Justin Ricklefs thanks his son for teaching him how to live more fully from his heart.
The tears flowed hard the first time I took you to baseball practice. From you on the outside, but mom and I were shedding them too. You just couldn’t see them. Us adults tend to hide stuff more than we should.
Is it too early? Maybe you’re not ready for this? What a dumb idea. We don’t even know these people.
Good friends, dear ones actually, invited you to play on this little team. We never pushed baseball on you, but you wanted to give it a shot.
Front yard baseball with your and sisters and me, while mom sat on the porch cheering her hardest, was the training ground. The place where your love for the hometown Royals manifested itself in your own life.
Those evenings in the yard led to you saying yes to this little team. Like your personality often does, you tiptoed in, kept your distance, stayed safe.

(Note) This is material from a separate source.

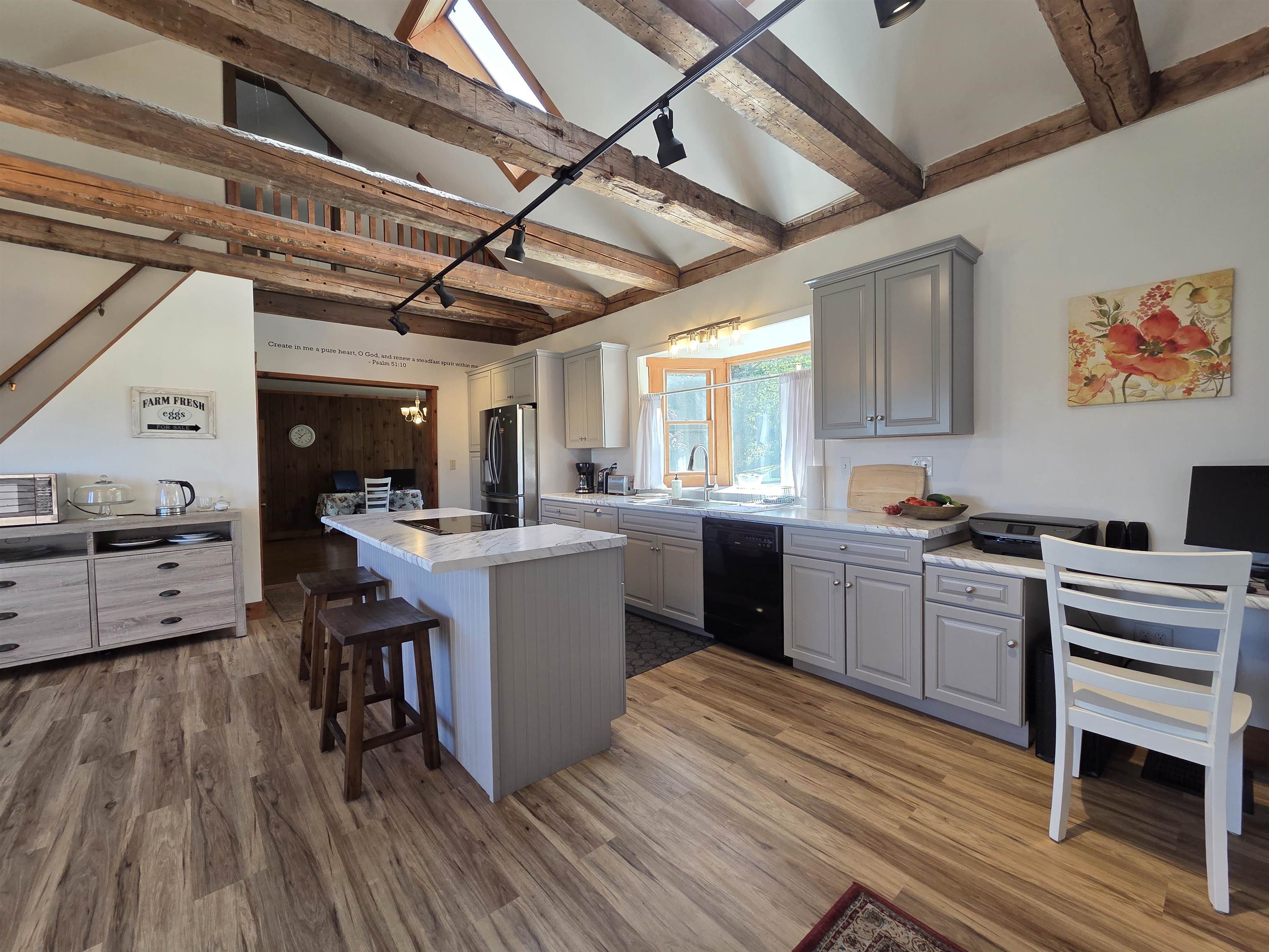 - Attic with Hatch/Skuttle, Cathedral Ceiling, Dining Area, Kitchen Island, Primary BR w/ BA, Natural Light, Natural Woodwork, Skylight, Indoor Storage, Walk-in Pantry, 1st Floor Laundry

At practice, you and I would play catch at the end of the line, close to the action but far enough from these little guys you didn’t know yet.
You’d look for me as you rounded first during warm-ups around the bags, checking to be sure you were doing it right.
You took a ball on the cheek during infield practice one day and before I could get there you were wiping tears off those same cheeks while you put your glove back in the dirt, ready for the next grounder.
Little did we know that the little group of dudes you started your baseball journey with were on similar journeys themselves.
Parents like yours that were all trying their best to awkwardly get to know each other. Little fellas like you that were all trying their best to figure out this hard game where you hit a ball coming at you with a stick.
By necessity, because you wouldn’t let me out of your sight, I became a volunteer coach. Tiptoeing my own way in, offering help wherever I could. Giving fist bumps and high fives.
We taught you boys how to field a grounder. How to keep your hands back while you are hitting. How to cover second base when it gets hit to the outfield. How to hustle back to the dugout after you strike out. How to take your hat off when you say good game to the other team.
Little did we know that the things we thought we were teaching you were coming back a hundredfold to us.
You taught us how to lose with celebration. You taught us how to never quit when it gets tough. You taught us that a lot of the time the adults are the only ones that know the score. You taught us that nice boys don’t always finish last.
In fact, nice, hard-working boys like you boys, can finish first. In baseball, sometimes. In life, oftentimes.
Down 10-6 in the bottom of the final inning of the “world championship” as you called it, I was ready to teach you about hard life lessons on the way home in the car. How we tried our best. How we can get them next time. How life isn’t always fair.
But instead, little did we know, that improbably you’d score five runs to win it. That your laughs, cheers, big smiles and big hits would be enough to win the championship.
You boys changed us adults this summer.
Will any of you play for the Royals? Maybe, but doubtful.
But will the lessons we all learned this summer prepare you for the big world beyond the diamond? Certainly.
You stole our hearts Naturals. Or maybe better said, you showed us our hearts. And how to live more fully from them.